Robert S. Alcott III v. 1893 Oil and Gas, Ltd. and ELP2 Minerals, Ltd.
Robert S. Alcott III v. 1893 Oil and Gas, Ltd. and ELP2 Minerals, Ltd.
Opinion
NUMBER 13-23-00492-CV COURT OF APPEALS THIRTEENTH DISTRICT OF TEXAS CORPUS CHRISTI – EDINBURG
ROBERT S. ALCOTT III, ET AL, Appellants, v. 1893 OIL AND GAS, LTD. AND ELP2 MINERALS, LTD., Appellees.

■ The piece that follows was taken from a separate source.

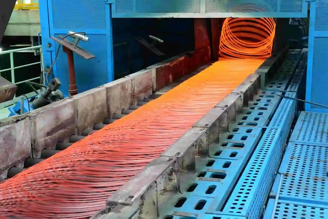 走進青島特鋼軋線車間,只見吐絲機不停地吐出鋼簾線用盤條,隨即,一圈一圈的火紅盤條錯落有致地排列開來,隨著產線向前移動,火紅的盤條逐漸顯露出鋼鐵泛著藍光的本色,繼而被送至打捆機處打捆……

ON APPEAL FROM THE 343RD DISTRICT COURT OF LIVE OAK COUNTY, TEXAS
MEMORANDUM OPINION Before Chief Justice Tijerina and Justices Peña and Longoria1 Memorandum Opinion by Chief Justice Tijerina Appellants Robert S. Alcott III, et al. 2 appeal a summary judgment in favor of
I. STANDARD OF REVIEW When there are competing motions for traditional summary judgment, each party bears the burden of establishing that there are no issues of material fact and that the party is entitled to judgment as a matter of law. KMS Retail Rowlett, LP v. City of Rowlett, 559 S.W.3d 192, 197 (Tex. App.—Dallas 2017), aff’d, 593 S.W.3d 175 (Tex. 2019) (citing City of Garland v. Dallas Morning News, 22 S.W.3d 351, 356 (Tex. 2000)). “When the trial court grants one motion and denies the other, the reviewing court should determine all questions presented” and “should render the judgment that the trial court should have rendered.” City of Garland, 22 S.W.3d at 356.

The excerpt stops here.